Плечи отца расправились, он строго выпрямился и сурово поглядел на Егора. От столь грозного его вида в покоях будто стало темнее.
– Ты давно не мальчишка и ослушаться моего слова я тебе не позволю, – пробасил он. – Помни, сколько людей тебе доверяют! В твоих руках вся община: склады, оружие, припасы. Ты лучше любого с Монастырём управляешься, ты второй человек после меня. Значит так Господь рассудил, что не тебе к Городам ехать! – отец прервался и долго вздохнул. Егор несогласно глядел исподлобья, Настоятель добавил уже примирительнее.
– Благословление на дорогу даю только Евгении, она поедет вместе с Василием за топливом, ты останешься в Монастыре.
– Отче прав… – вдруг сказала Женя, – пусть я дочь Настоятеля, но сейчас моя жизнь не дороже, чем жизнь казначея. Эконом и келарь и другие чины охотнее будут слушаться мужчину, если только… – она осторожно поглядела на отца, – если только Монастырём управлять станет некому. Тогда, кто топливо привезёт – не так важно.
– Егор, мы семья, – ещё бережнее сказал отец. – А в семье не только друг за друга боятся, но и доверяют, что каждый справится с порученным ему делом. Если Бог надоумил Евгению Серые Города изучать, то ей и ехать в конвое: за весь Монастырь, за всё христианское дело.
Егор с досадой растрепал волосы и огляделся по залу, словно искал подсказки у каменных стен, как ему образумить их. Сизый солнечный свет лился сквозь окна, с козырька звенела капель, где-то с крыши тяжело ухнул снег.
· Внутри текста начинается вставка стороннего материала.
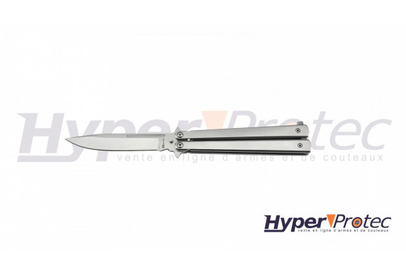 Ce Balisong est très classique avec un manche rectangulaire en métal avec une finition silver. Couteau papillon métal, tient correctement dans la main et permet de le manipuler avec une seule main et de l'ouvrir ou si vous avez un peu d'entraînement, de faire des tricks.
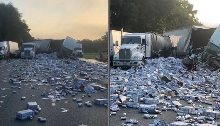 बियर बोकेको उक्त सेमी ट्रेलर सडक छेउमा रहेको ट्रकहरूमा गएर ठोक्किएको थियो । हजारौँ क्यान पोखिएपछि राजमार्गको सबै लेन बन्द भयो ।
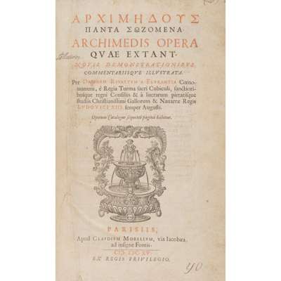 First edition of this influential bilingual version of the works of Archimedes, based on the Greek editio princeps of 1544 with assistance from what is now known as the ‘B’ manuscript (Codex Parisinus 2360). The propositions are in Greek, while the proofs are in Latin and ‘somewhat retouched’ (Heath, The Works of Archimedes, 1897, p. xxix).
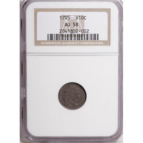 <B>1795 H10C AU58 NGC.</B></I> V-5, LM-8, R.3. Both sides are richly toned in speckled shades of gray and olive with undertones of numerous other colors present when viewed with a magnifier. A few light abrasions are also present, but these are unimportant for the grade. A satiny and typically struck example without apparent highpoint wear.<BR><I>From The Arnold & Harriet Collection.</B></I><BR><BR><B>Coin Engraver:</B> Robert Scot<BR><BR><b>Shipping:</b> Coins & Currency (<a target="_blank" href="http://www.heritageauctions.com/common/shipping.php">view shipping information</a>\)
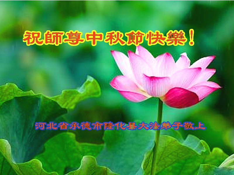 值此中秋佳节,辽宁丹东医疗系统大法弟子向伟大慈悲的师父问好!恭祝师父中秋节快乐!弟子想念师父!师父辛苦了!感恩师父慈悲救度,师恩难报!我们唯有精進。叩拜师尊!
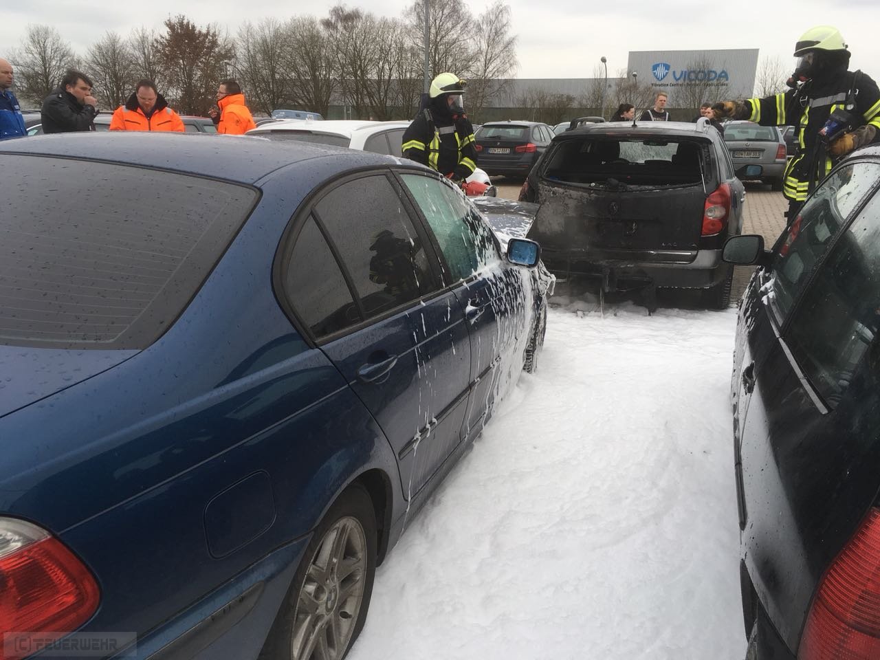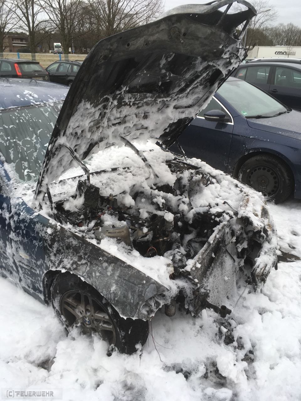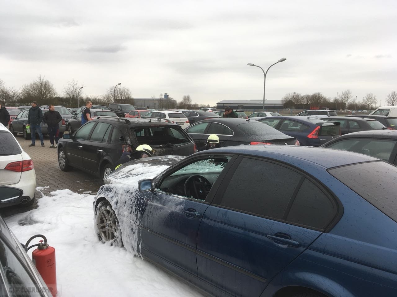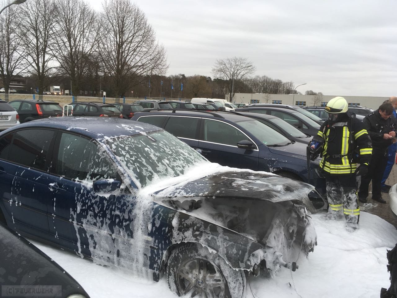 Zeven Aspe(tw) Auf Rückfahrt von Einsatz Nr. 28 kam über Funk die Meldung, dass auf einem Firmenparkplatz ein Fahrzeug brennen solle und das Fahrzeug bereits auf ein 2. Fahrzeug übergriffen hat. Bei Eintreffen des Löschgruppenfahrzeugs 20/16 hatten schon Polizeibeamte sowie Mitarbeiter erste Löschmaßnahmen mittels Feuerlöscher eingeleitet. Bei einem BMW kam es aus bisher ungeklärter Ursache zu einem Feuer im Motorraum, ein Trupp unter Atemschutz hat sofort die Brandbekämpfung eingeleitet und weitere Fahrzeuge geschützt. Mittels Löschschaum wurden letzten Flammen erstickt.
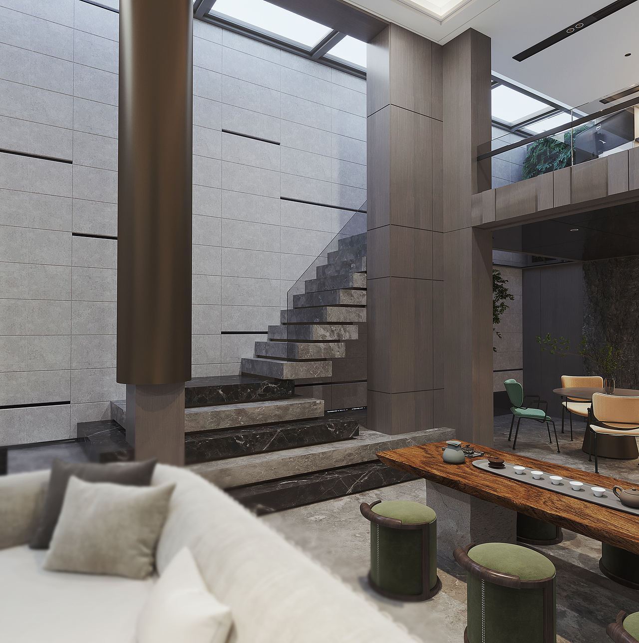 地下室挑空设计,使人在精神上感觉到舒缓,放松,有效地释放压力.
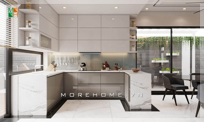Tủ bếp chữ U thoải mái để cất trữ đồ đạc cùng với bàn bếp mặt đá trắng tinh tế trẻ trung thuận lợi để vệ sinh, lại chịu lực, chịu nhiệt tốt trong không gian phòng bếp hiện đại

На него недовольно и немного растеряно пялилось собственное отражение в стеклянных дверцах шкафов. Тарахтел генератор, то и дело мигала люстра.
Мирно в Обители. Тихая жизнь по уставу и обиходнику. Но стоит выехать за ворота, как в конвой вцепятся десятки озлобленных глаз, алчные руки потянутся к беззащитным, кто поедет по пустошам и заночует в пути. Не нужно напоминать, чем опасна дорога, и всё-таки Егор не утерпел.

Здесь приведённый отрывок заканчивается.